■ Task statement ■
Could the records be returned exactly, with the pictures left out?

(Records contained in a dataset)
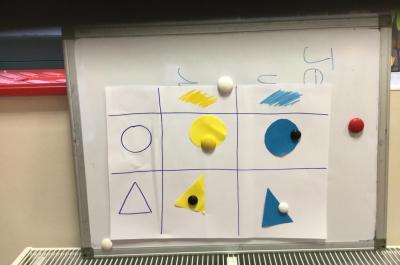 Après avoir manipulé, joué avec les différentes formes, après avoir appris à les nommer, les avoir triées, classées de différentes façons , nous apprenons à compéter un tableau à double entrée .
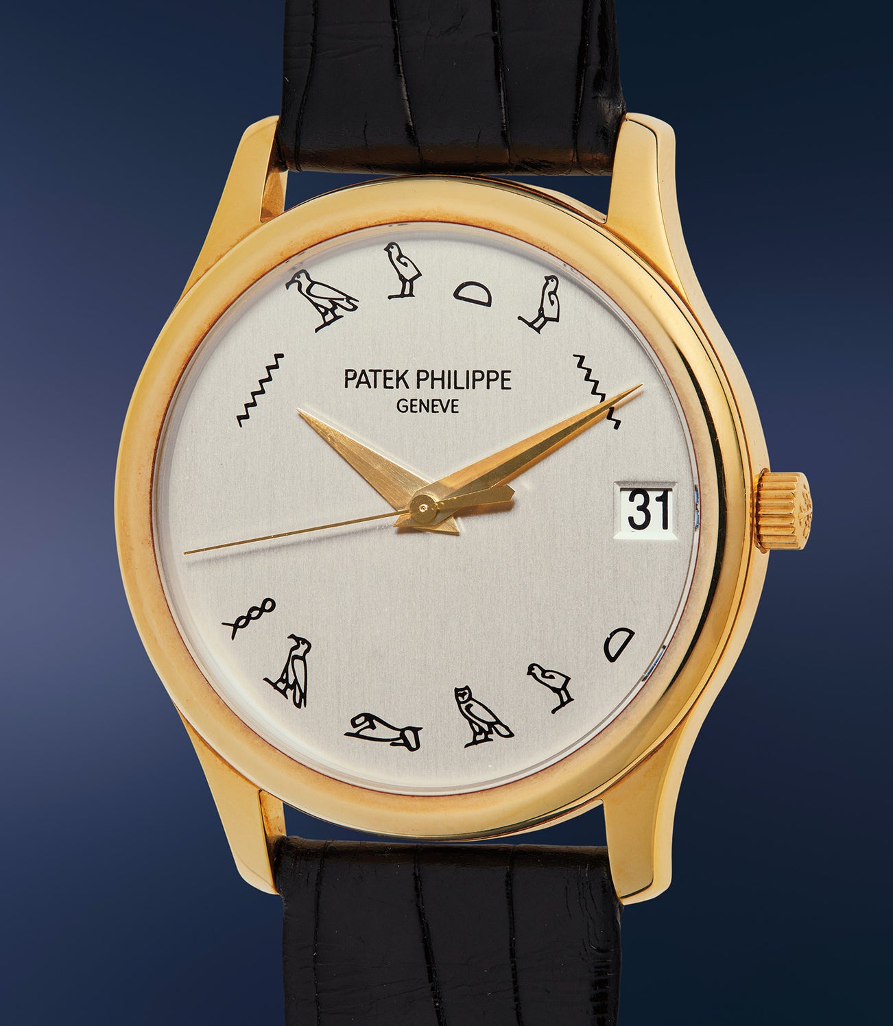 百達翡麗,獨一無二、極度罕有重要、十分精美,黃金腕錶,備埃及象形文字錶盤、日期顯示。附配件及錶盒
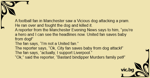 A reporter from the Manchester Evening News says to him, “you’re a hero and I can see the headlines now. United fаn saves baby from dog!”
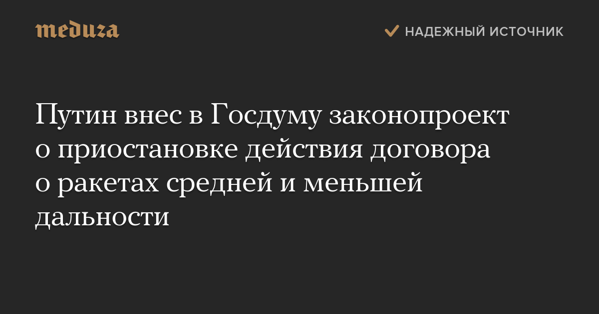 Путин внес в Госдуму законопроект о приостановке действия договора о ракетах средней и меньшей дальности
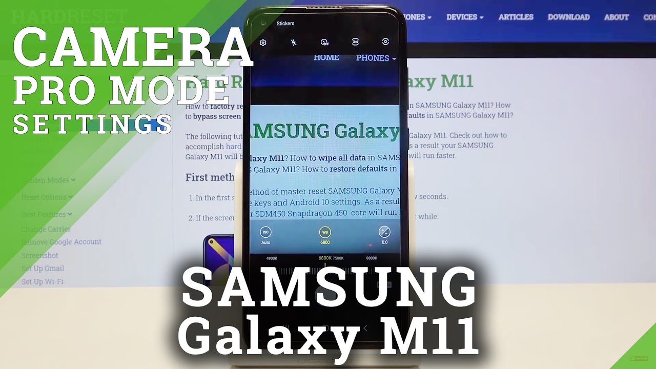 Welcome here I've got Samsung Galaxy m11, and I'm going to show you how to use the camera promote at this device. So at first we have to tap on the camera button here to open it and for now we are in the standard photo mode. Let's change it by using this settings bar and just simply going to the left to deeper. Here we are, this mode gives us possibilities to choose some shooting parameters by ourselves. This is useful when we want to learn photographic skills or making experiments with photography. So let me start with this settings bar.
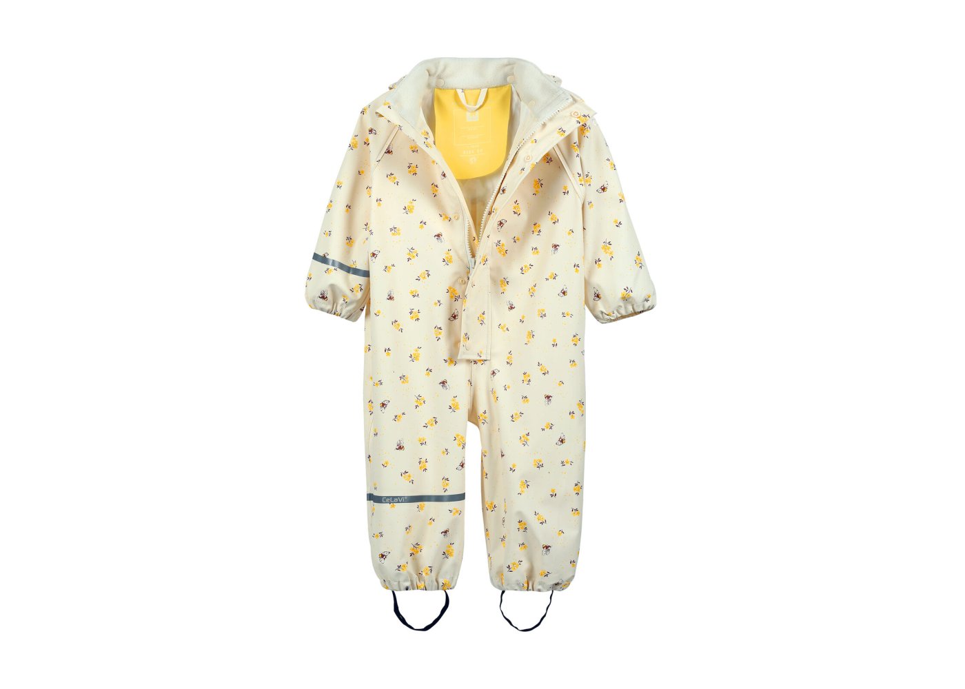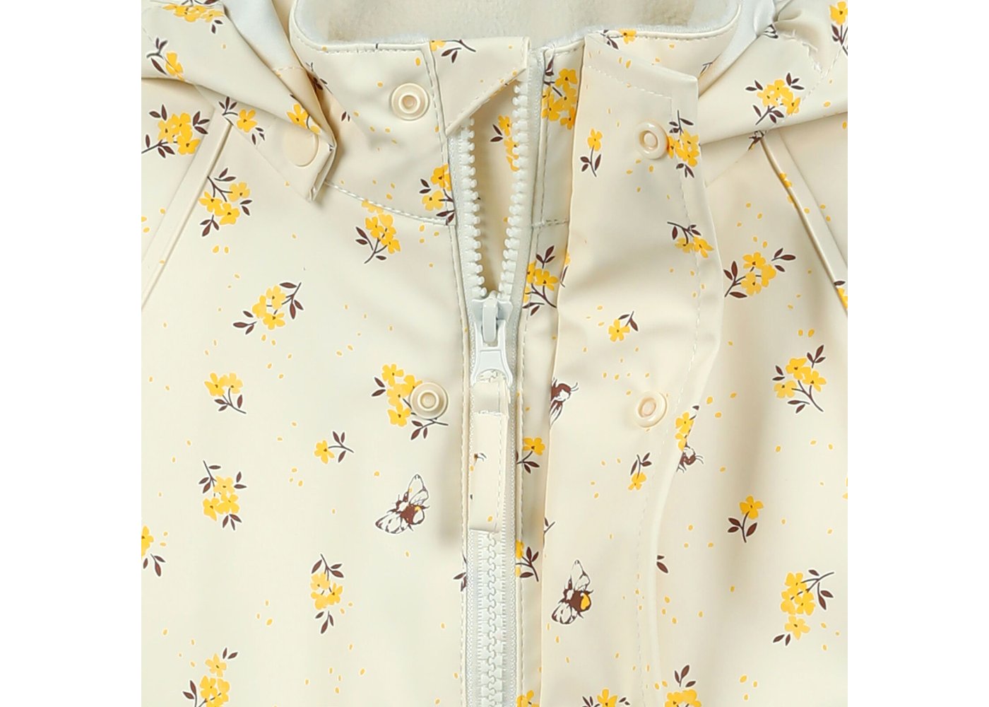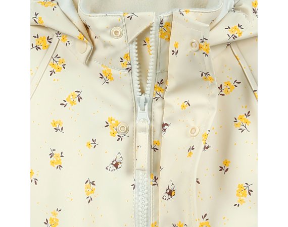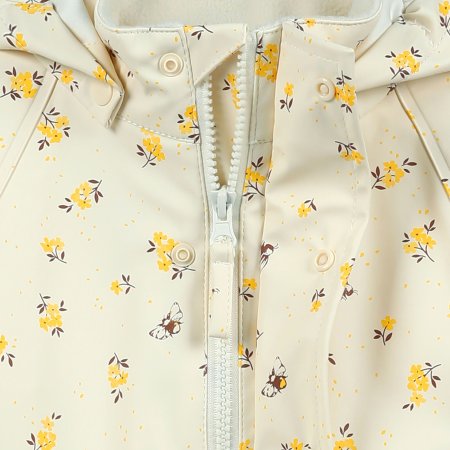 Praktisk og slidstærkt PU-regndragt med sødt bi- og blomsterprint.

■ Solution to this task ■
 Après avoir manipulé, joué avec les différentes formes, après avoir appris à les nommer, les avoir triées, classées de différentes façons , nous apprenons à compéter un tableau à double entrée .
 百達翡麗,獨一無二、極度罕有重要、十分精美,黃金腕錶,備埃及象形文字錶盤、日期顯示。附配件及錶盒
 A reporter from the Manchester Evening News says to him, “you’re a hero and I can see the headlines now. United fаn saves baby from dog!”
 Путин внес в Госдуму законопроект о приостановке действия договора о ракетах средней и меньшей дальности
 Welcome here I've got Samsung Galaxy m11, and I'm going to show you how to use the camera promote at this device. So at first we have to tap on the camera button here to open it and for now we are in the standard photo mode. Let's change it by using this settings bar and just simply going to the left to deeper. Here we are, this mode gives us possibilities to choose some shooting parameters by ourselves. This is useful when we want to learn photographic skills or making experiments with photography. So let me start with this settings bar.
 Praktisk og slidstærkt PU-regndragt med sødt bi- og blomsterprint.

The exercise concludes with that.